If the thought of chowing down on a pepper that spicy gives you heartburn, the Austin, Texas based tortilla chip company Paqui (rhymes with hockey) has what can only be described as a delicious form of torture in store for you. Their Carolina Reaper Madness Tortilla Chip is a savory mix of not one, but two of the world’s hottest peppers. It combines the aforementioned ghost pepper with the even hotter variety for which the chip gets its name; the Carolina Reaper. Chipotle pepper powder (which is essentially a dried and aged jalapeno pepper) is added for additional flavor. So for that very brief moment before the heat actually kicks in, your torture tortilla chip is pretty tasty. The company claims that it is the hottest tortilla chip in the world.
Having eaten it, I can honestly say that if it’s not the world’s hottest tortilla chip, I’m afraid of the chip that beats it.
While the ghost pepper weighs in at 1 million SHU’s, the Carolina Reaper has been measured as high as 2.2 million SHU—more than twice as hot.

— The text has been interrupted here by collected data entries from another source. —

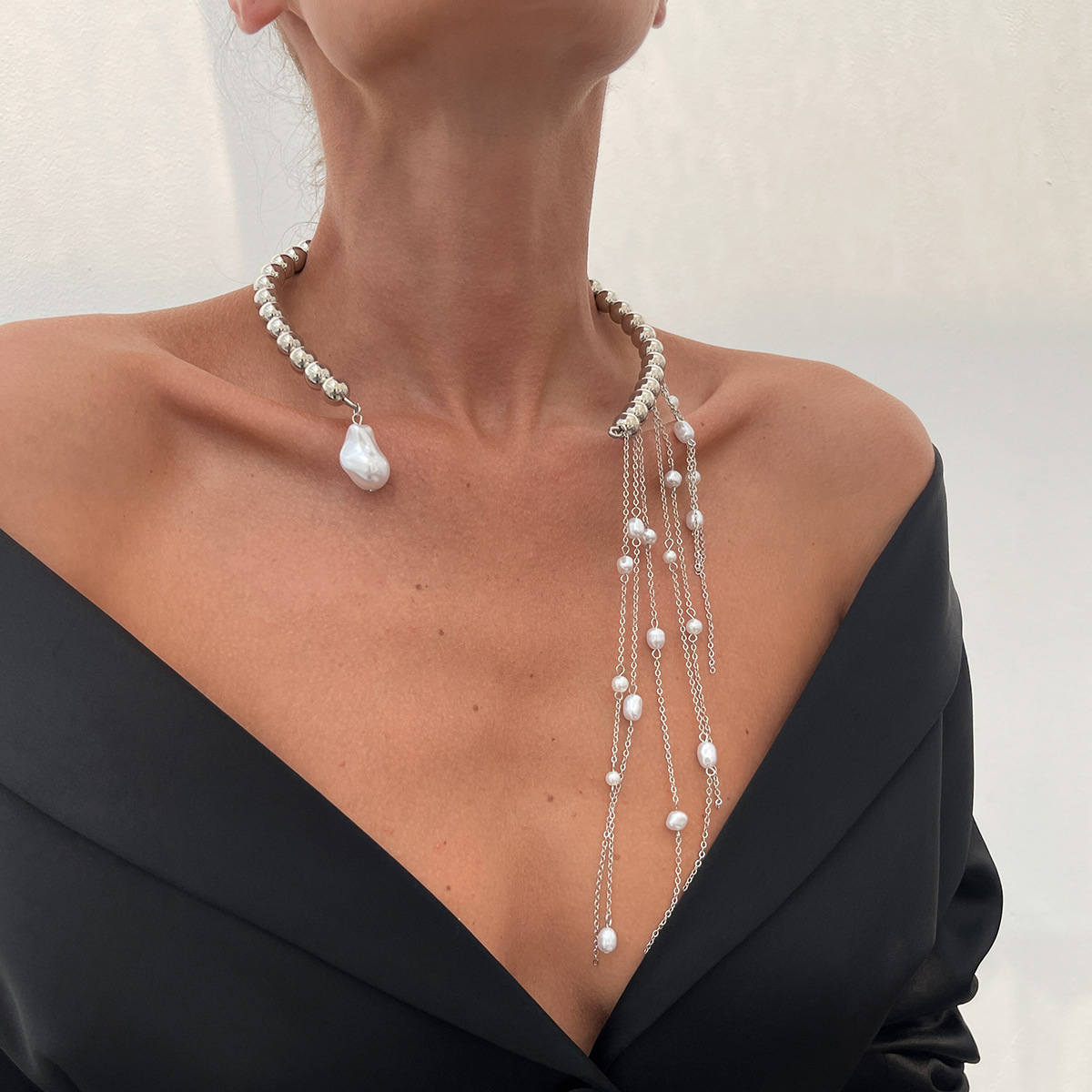 alliage de zinc parure de bijoux, Boucle d’oreille stud & collier, avec Plastique ABS perle, acier inoxydable puce boucle d'oreille, avec 5cm chaînes de rallonge, branche, Placage, pour femme & avec strass, plus de couleurs à choisir, sans plomb et cadmium, 36mm Environ 17 pouce, Vendu par fixé
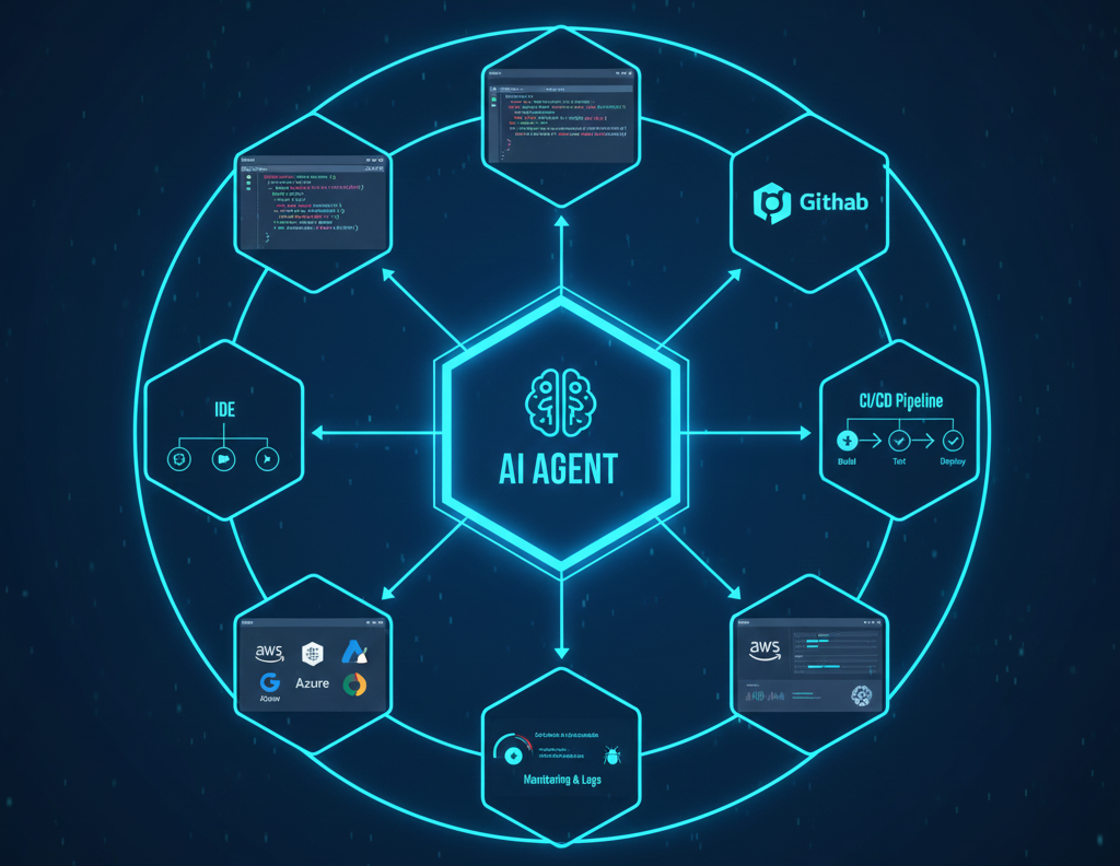 AI agents integrate directly with development tools and environments. They can write and modify files in IDEs, commit changes to repositories, trigger CI/CD pipelines, deploy services to the cloud, and monitor system performance. This deep integration allows agents to perform real development work instead of merely suggesting solutions.
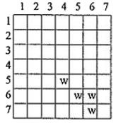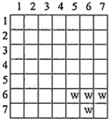 그림은 어느 지역의 토지 현황을 나타내고 있다. 이 지역을 촬영한 7×7 영성에서 “호수”의 훈련지역(training field)을 선택한 결과로 적합한 것은?
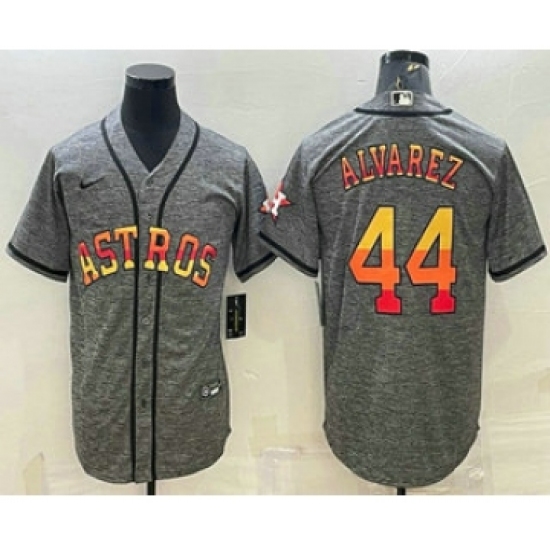 Men's Houston Astros #44 Yordan Alvarez Grey Gridiron With Patch Cool Base Stitched Baseball Jersey
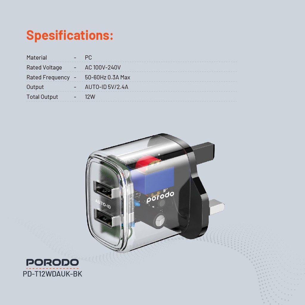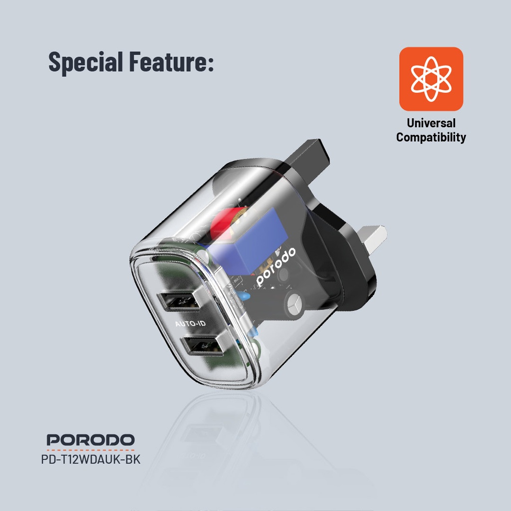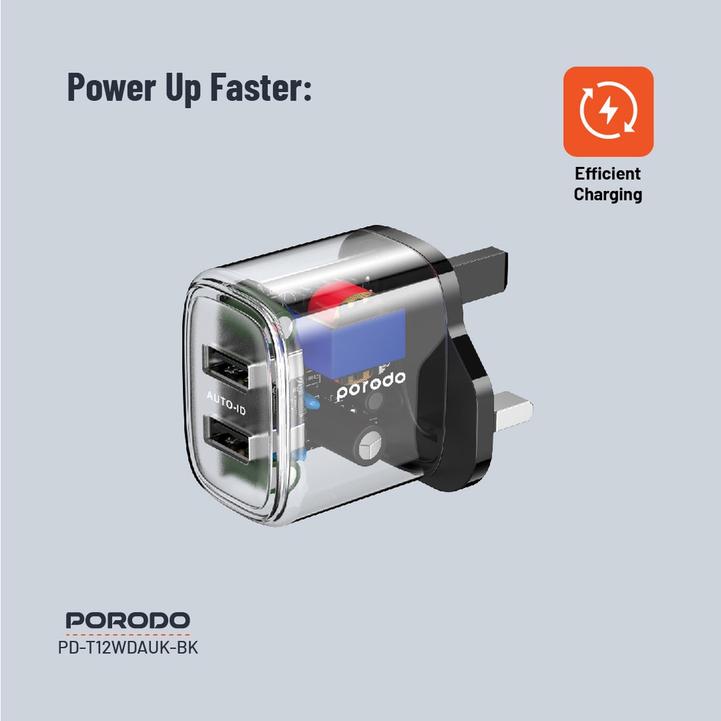 Porodo Dual Output Transparent Charger 2.4A UK - Black
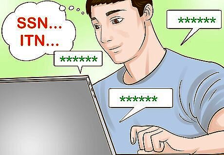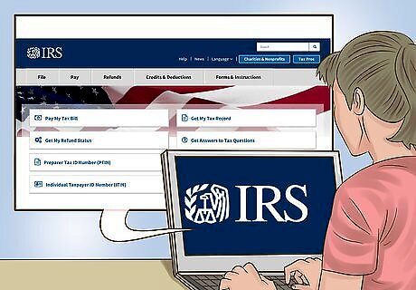 Create an account at IRS.gov. If you already have an account, log in. If you don't, go to the IRS website, and click "Get my Tax Record." Then click "Get Transcript Online." To make a new account you will need to provide: Your full name Email Date of birth Social Security Number (SSN) or Individual Tax Identification Number (ITIN) Tax filing status (single, married, etc.) Mailing address used on the last tax return Mobile phone number that accepts texts
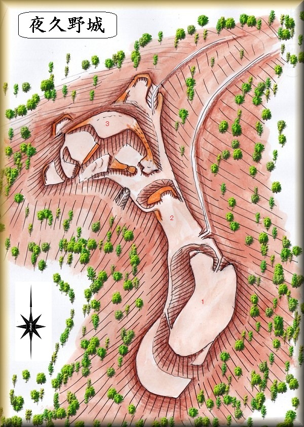 夜久野城は、このように大きく3つの郭によって構成された城郭である。
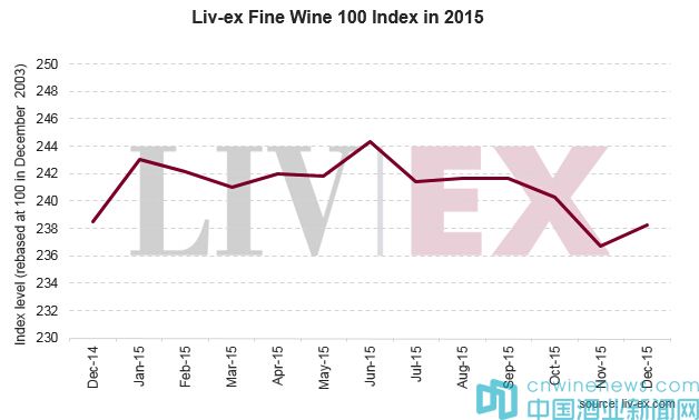 2015年12月份Liv-ex 100月結238.26點,微升0.7%,上升幅度卻不足以使過去一年重回正增長;相反,它令2015年年結持平,只比2014年的年結水平(238.50點)略低0.1%。而Liv-ex 50自11月份的下滑后,在12月份有所回升,月結264.88點,但仍比2014年的年結水平(266.83點)低0.7%。
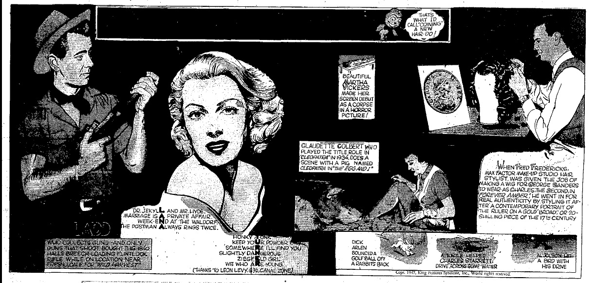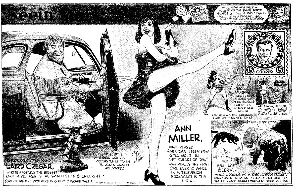 Feg Murray was an Olympic hurdler, who took to cartooning in the 1920's. In 1936 he started the feture he was famous for, called Seein' Stars. It was a gossipy variation on the Belive it or Not format, with beautiful artwork by Mr. Murray hmself. In the ate thristies he became some sort of a minor celebrity himself, appearing on radio as some sort of gossip expert and probably even presenting his own program. I will have to look into that. Since I am concentrting on scanning stuff from the late fifties now and he stopped doing Seein' tars in 1951, I only have black and white scans for now. But an impressive lot it is. He sdoes not seem to have depended on ghost artists much, or at least the style remains solid all through the run. And even if he had help, remember he did this daily and Sunday for over 15 years...

But the amount of capsaicin, the compound that triggers our mouths to feel the burn, can vary depending on growing conditions. On average, the Carolina Reaper clocks in at 1.569 million SHUS, and the ghost pepper around 800,000 SHU. Of course, averages can shift.
“The reapers are much hotter now,” says Ed Currie, founder of the Puckerbutt Pepper Company and the creator of the Carolina Reaper. Currie supplied the reapers used in the chip. “We’re being recertified at Guinness World Records right now with an average of 1.922 million instead of 1.569 million SHU. The peppers themselves are coming in about a fifth hotter to a third hotter.”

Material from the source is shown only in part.